**YOUR GOAL:**
Could you repeat the entries below exactly, but only from the line with "หมวกคลุมผมอนามัย HYGUARD สีเขียว" through the line with "Fashion Nova Sasha Ribbed Midi Dress – Black", and without any picture?

**DATASET RECORDS:**
########

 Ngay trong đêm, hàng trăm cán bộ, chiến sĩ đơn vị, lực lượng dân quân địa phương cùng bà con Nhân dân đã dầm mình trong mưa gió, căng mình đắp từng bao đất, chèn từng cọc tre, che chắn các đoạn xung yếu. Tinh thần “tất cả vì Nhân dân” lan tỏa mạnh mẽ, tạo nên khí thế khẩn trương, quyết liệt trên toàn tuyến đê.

########

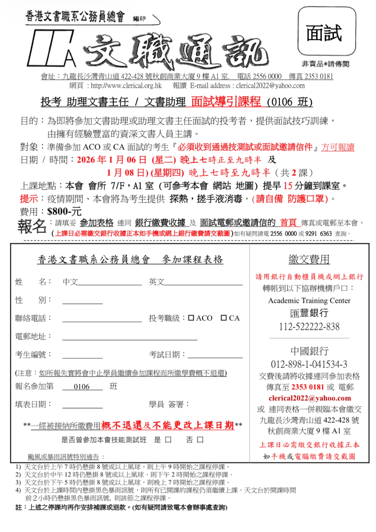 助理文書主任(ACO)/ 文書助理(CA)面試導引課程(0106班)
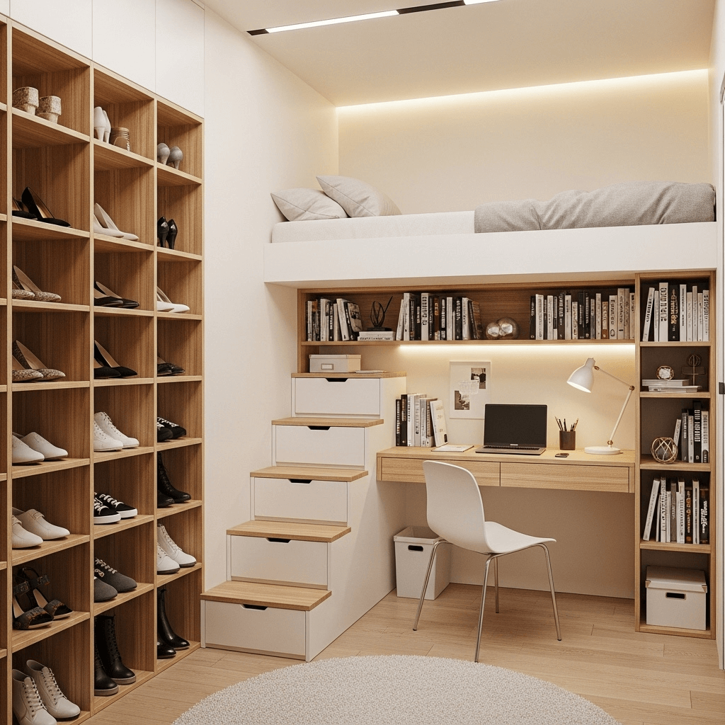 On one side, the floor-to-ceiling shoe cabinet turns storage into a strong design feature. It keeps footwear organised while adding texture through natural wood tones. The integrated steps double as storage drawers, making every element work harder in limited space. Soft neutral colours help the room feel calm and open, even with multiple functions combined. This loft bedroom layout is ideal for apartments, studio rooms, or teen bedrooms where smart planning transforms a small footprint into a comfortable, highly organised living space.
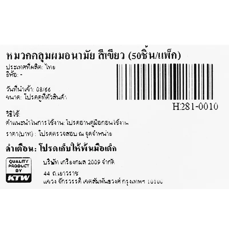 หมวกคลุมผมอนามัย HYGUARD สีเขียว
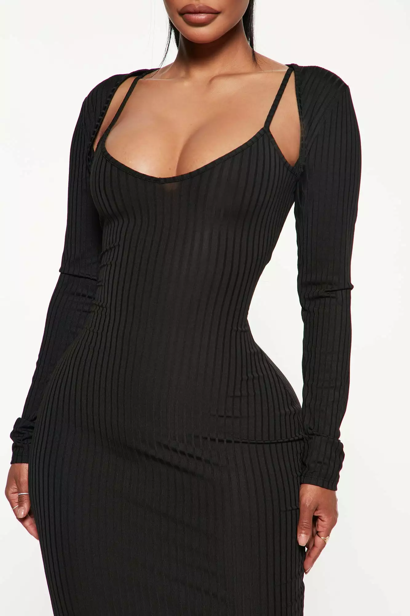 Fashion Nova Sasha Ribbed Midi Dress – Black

########

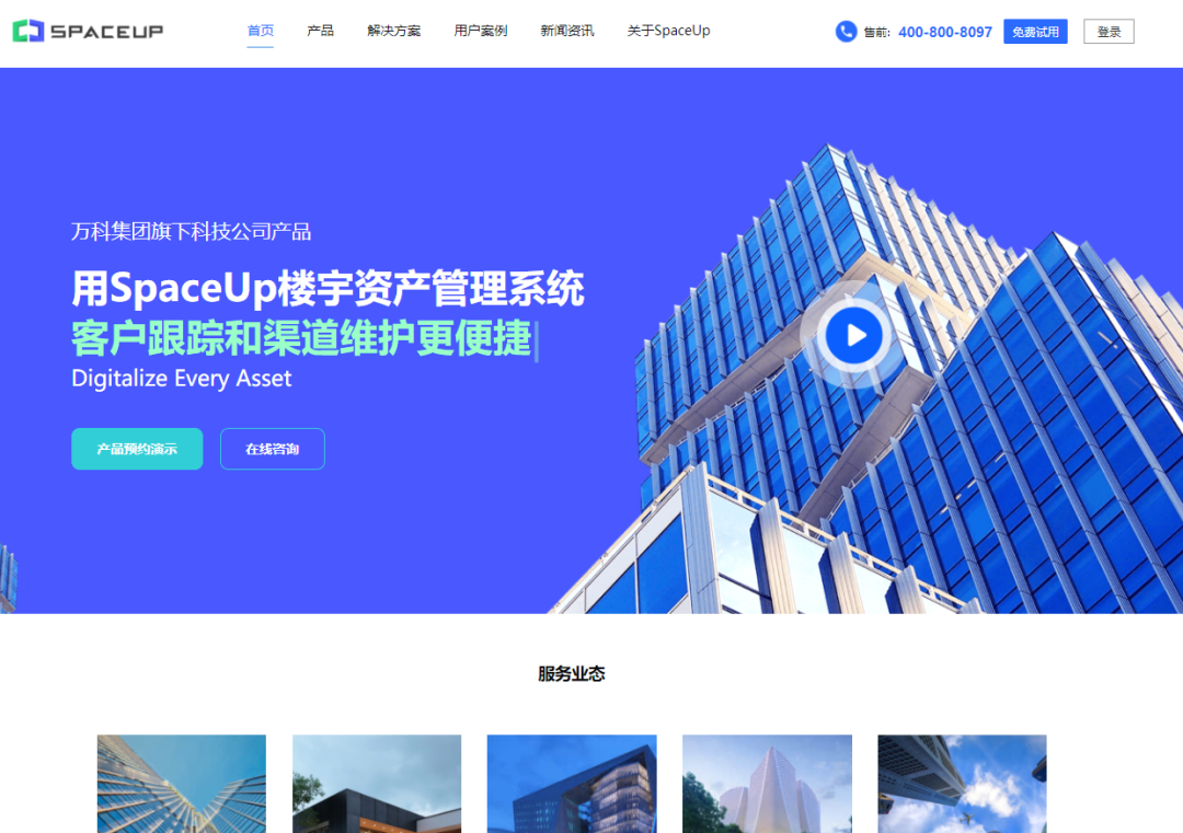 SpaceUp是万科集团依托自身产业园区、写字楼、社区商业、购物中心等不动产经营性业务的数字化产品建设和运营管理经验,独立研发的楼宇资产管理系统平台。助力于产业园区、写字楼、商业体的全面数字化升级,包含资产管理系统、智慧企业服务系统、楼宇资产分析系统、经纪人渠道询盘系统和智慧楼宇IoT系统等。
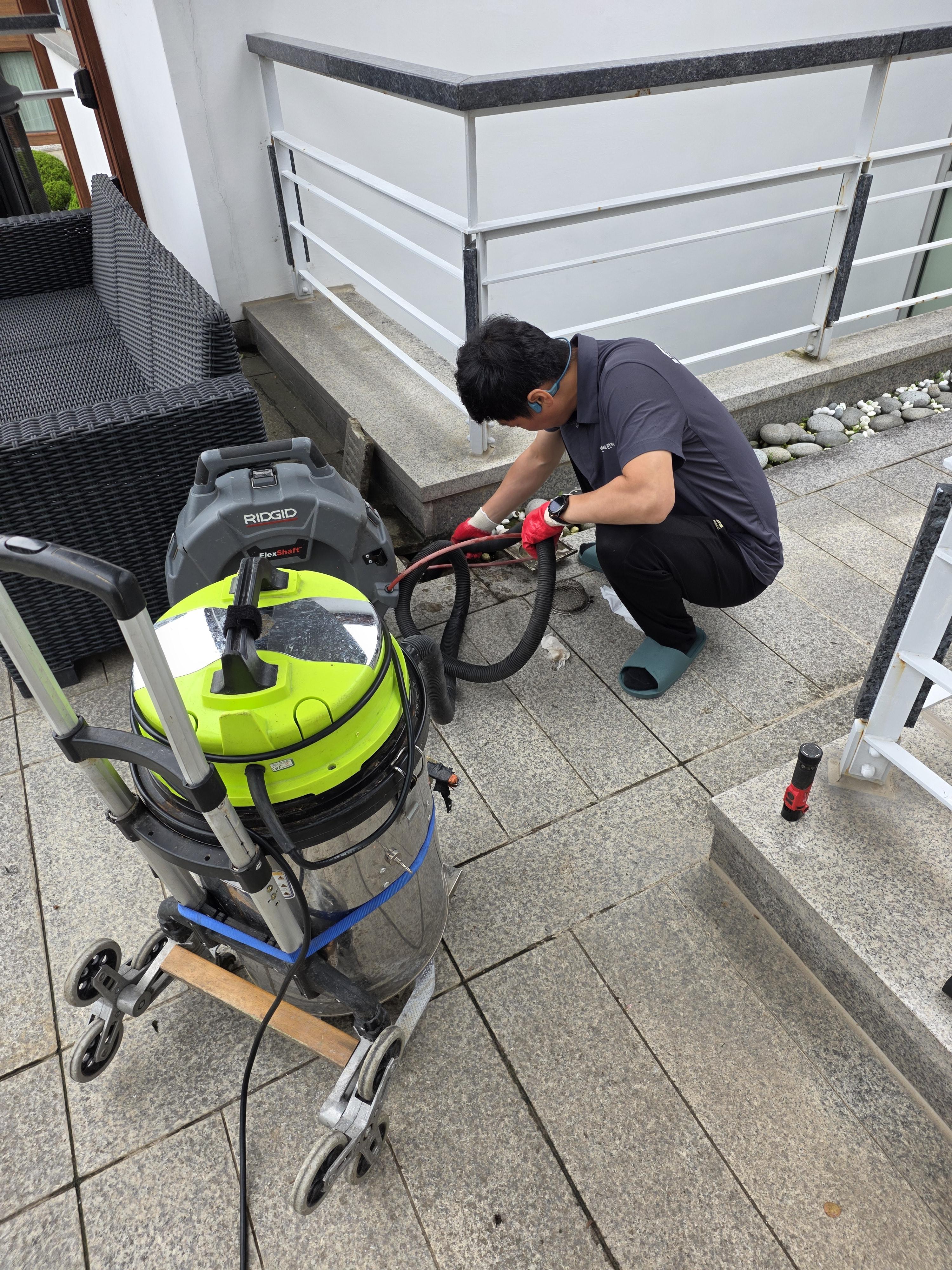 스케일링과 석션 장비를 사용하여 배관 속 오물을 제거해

########

**ANSWER TO THIS PROBLEM:**
 หมวกคลุมผมอนามัย HYGUARD สีเขียว
 Fashion Nova Sasha Ribbed Midi Dress – Black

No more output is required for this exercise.